_Data provided_
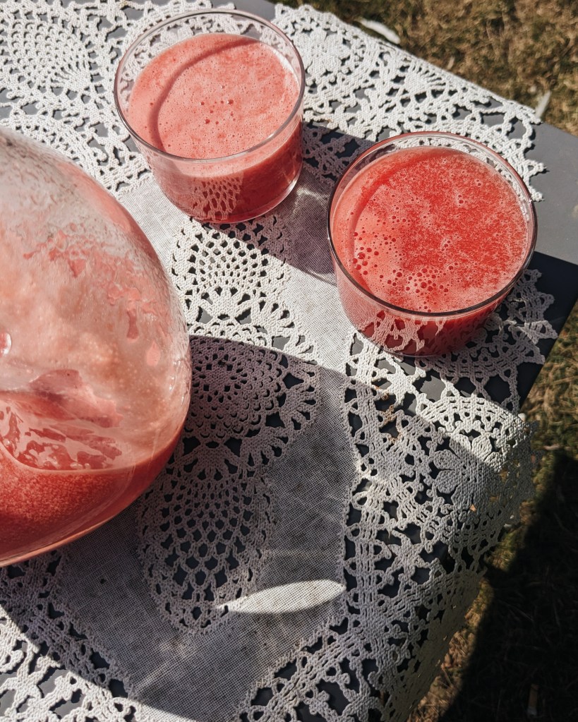 A fermented drink to serve at golden hour in pretty glasses. A summertime twist on classic kombucha with the added fun of serving it out of the melon itself.
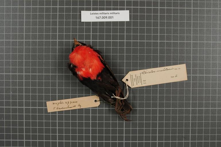 Keywords: Naturalis Biodiversity Center - RMNH.AVES.14634 2 - Leistes militaris militaris (Linnaeus, 1758) - Icteridae - bird skin specimen.jpeg artwork Dimensions artwork Document type Icteridae Leistes Individual count 1 Infraspecific epithet militaris Infraspecific rank Institution Naturalis Kind of unit artwork Kind of unit specimen skin Life stage Surinam Zanderij Medium artwork Nomenclatural code Occurrence ID page Other fields Other versions artwork Permission license Naturalis donation CC-0 Publication location Scientific name Leistes militaris militaris Linnaeus 1758 Scientific name authorship Linnaeus 1758 male Source url http //bioportal naturalis nl Specific epithet militaris State or province Subject keywords artwork Subject keywords publication Title artwork Title publication Type status Uploaded with GWToolset Naturalis_Biodiversity_Center_-_RMNH AVES 14634_2_-_Leistes_militaris_militaris_ Linnaeus _1758 _-_Icteridae_-_bird_skin_specimen http //medialib naturalis nl/file/id/RMNH AVES 14634_2/format/large Media donated by Naturalis Biodiversity Center Songbird specimens at Naturalis Biodiversity Center Sturnella militaris |
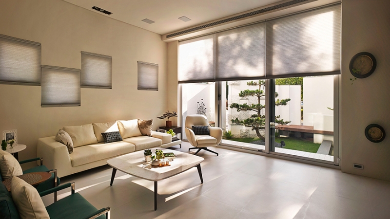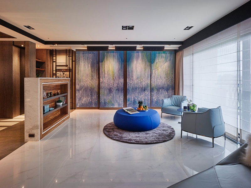 玄關處設置,拉開為門,闔起為畫。將水墨藝術融入其中,交織中國水墨畫的留白技巧,創造具有審美意趣的居家空間。家具的配色及植栽盆的掛置,讓綠意自然地融入生活,和窗外的庭院意象相互呼應。並運用穿透的玻璃窗,使客廳的空間隨天色而有不同的景致變化,即便身處家中也能感受自然的氛圍。
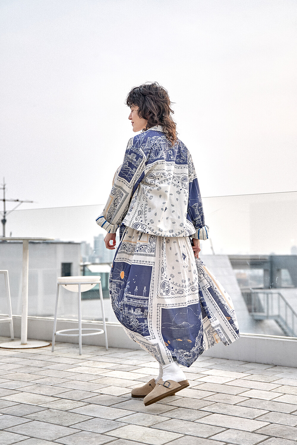 GORT® 'City Flower Garden' Collection. *BANDANA COTTON WORK SHORT JACKET-D.BL
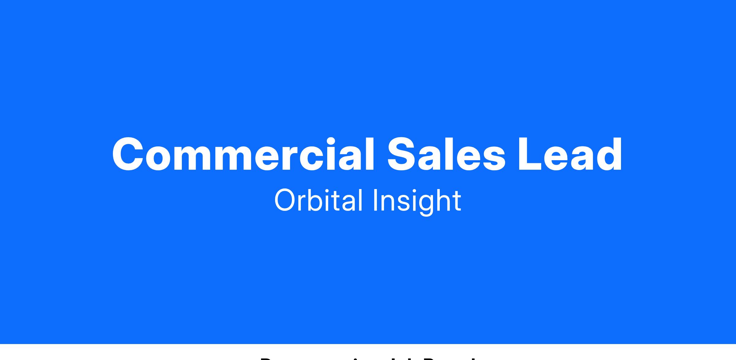 - Validate and monetize product market fit for the Orbital Insight GO platform solution through securing commercial accounts contracts
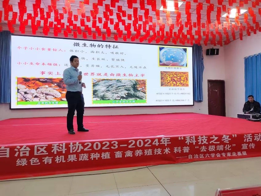 為深入貫徹落實黨的二十大精神,進一步發揮學會專家、技術人才優勢,2024年1月15日-17日,新疆科技期刊編輯學會、新疆植物保護學會、新疆微生物學會、新疆農科院工會等單位聯合新疆農科院喀什駐村工作隊圍繞綠色有機果蔬種植、畜禽養殖技術、科普“去極端化”宣傳等內容,開展了貼近基層、貼近群眾、貼近生活的2023-2024年自治區科協“科技之冬”活動。
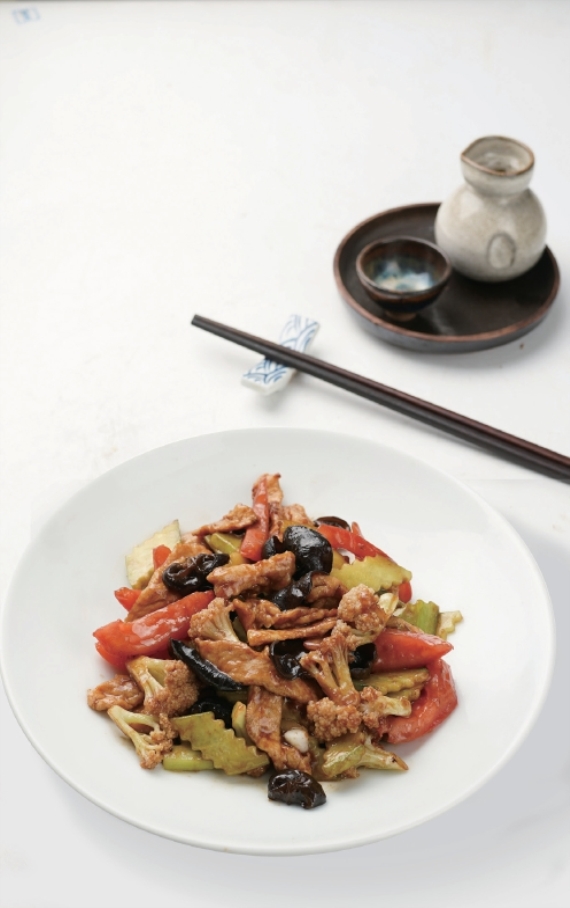 由此可见,以往炒肉片的配菜主要以苔菜、水笋、水木耳为主。现在博山的炒肉片,配菜丰富了许多,番茄、黄瓜、菜花、青椒皆可入菜,有物产丰富之因,也有节约成本之故,就像现在鱼香肉丝或木樨肉做法一样,亦是多了许多搭配。
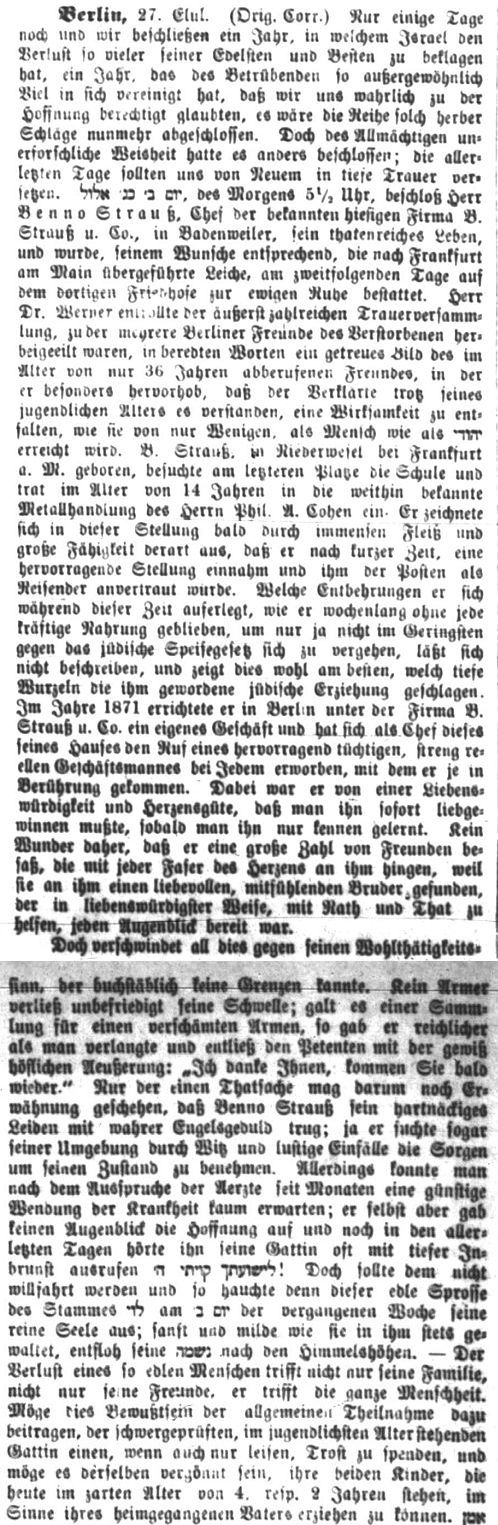 aus Straßburg genannt (Israelitisches Familienblatt vom 29.8.1900 S. 5).
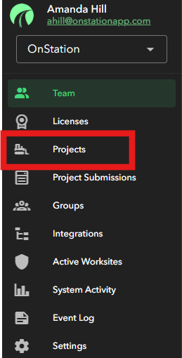 - Within the Management Portal click on the "Projects" menu
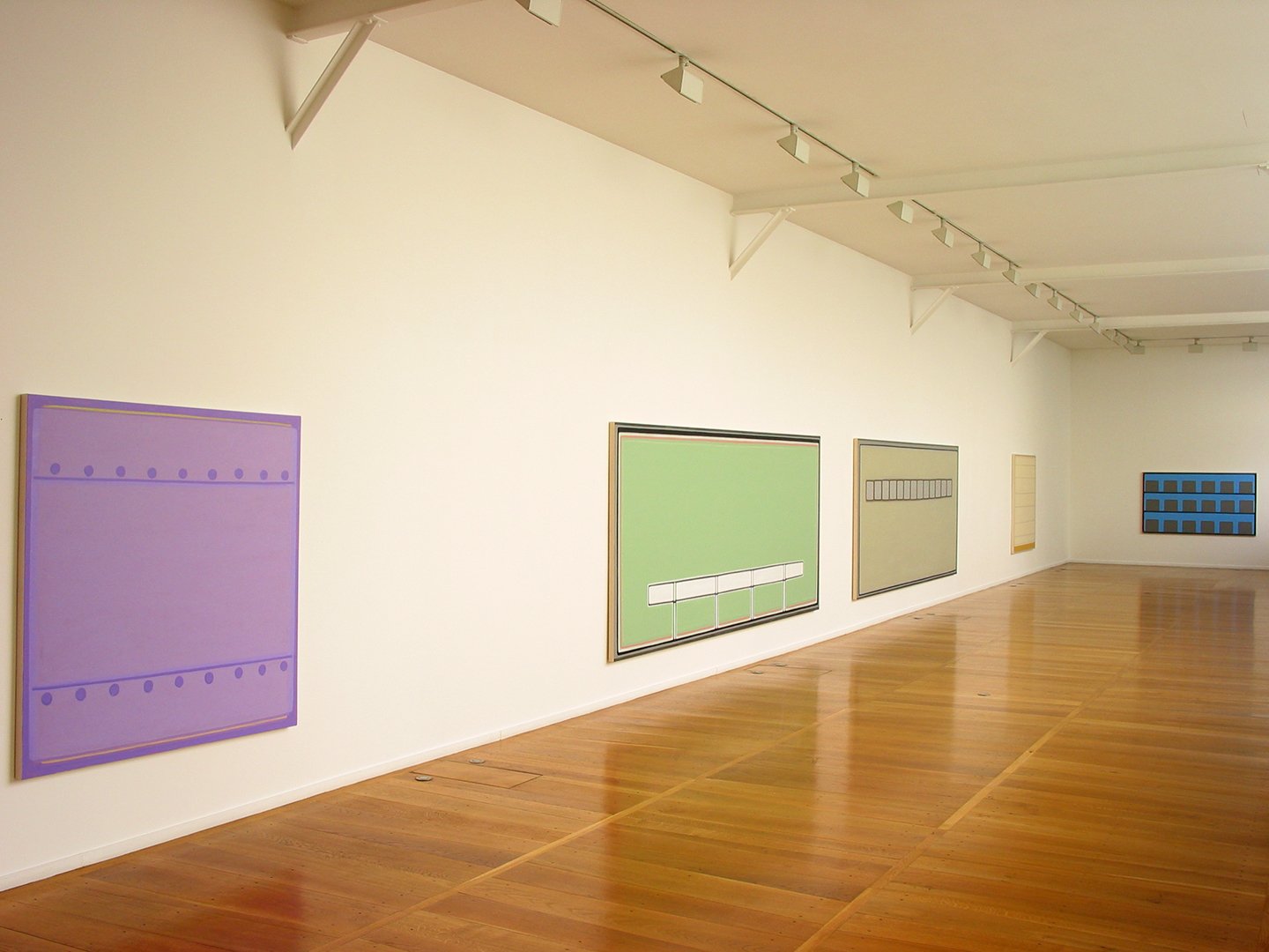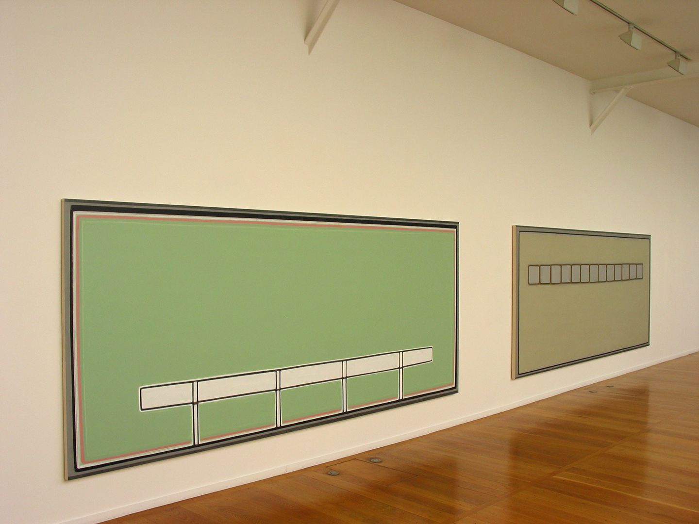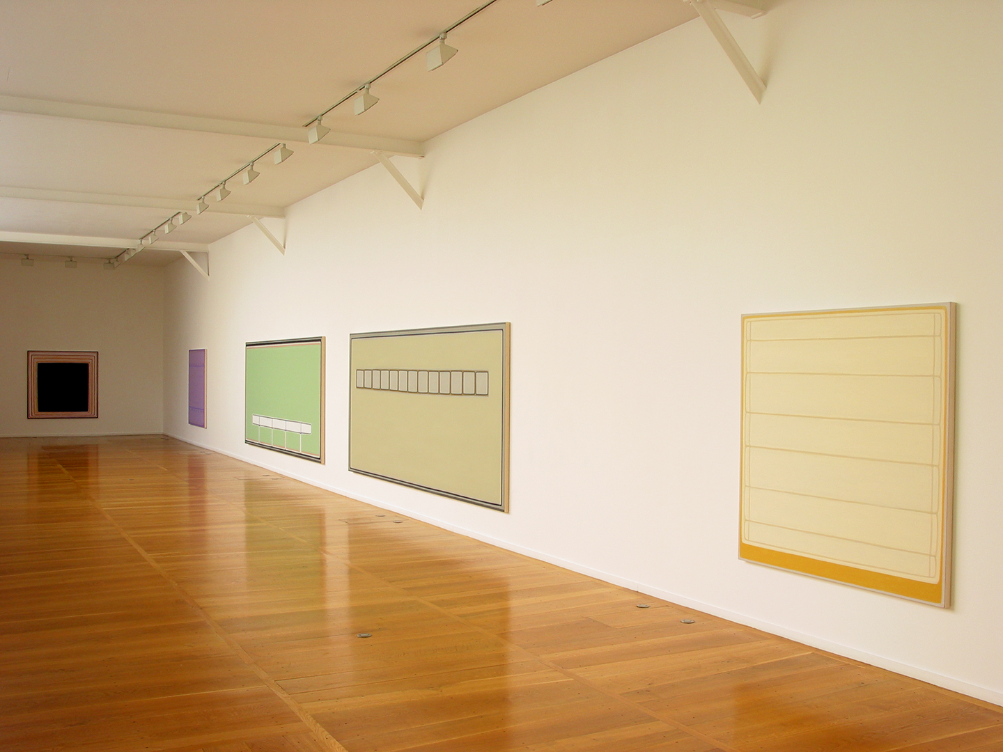 The artist’s first paintings presented empty frames traced by hand, in black or yellow, which acted as windows opening onto the white of the canvas. The spectator was then confronted by a subject-less image, and found himself harshly returned to the condition of an observer. Rather quickly, Walsh developed his technique and now makes paintings with systematically intrinsic successions – that is, paintings within a painting, frames within a frame. The compositions compile different colored rectangles onto one surface, and thus explicitly recall the artist’s older works. The spectator is then left the task of deciphering the works’ multiple levels of interpretation, which allow the painting to be read as a wall, but also the wall as a painting. The artist’s recent paintings therefore frequently explore the link they establish between the spectator, the work of art, and the surrounding architectural space.

_Exercise_
With the pictures omitted, restate word for word the lines above from the line that has "- Validate and" up to and including the line that has "為深入貫徹落實黨的二十大精神", and no other lines.

_Output of the task_
 - Validate and monetize product market fit for the Orbital Insight GO platform solution through securing commercial accounts contracts
 為深入貫徹落實黨的二十大精神,進一步發揮學會專家、技術人才優勢,2024年1月15日-17日,新疆科技期刊編輯學會、新疆植物保護學會、新疆微生物學會、新疆農科院工會等單位聯合新疆農科院喀什駐村工作隊圍繞綠色有機果蔬種植、畜禽養殖技術、科普“去極端化”宣傳等內容,開展了貼近基層、貼近群眾、貼近生活的2023-2024年自治區科協“科技之冬”活動。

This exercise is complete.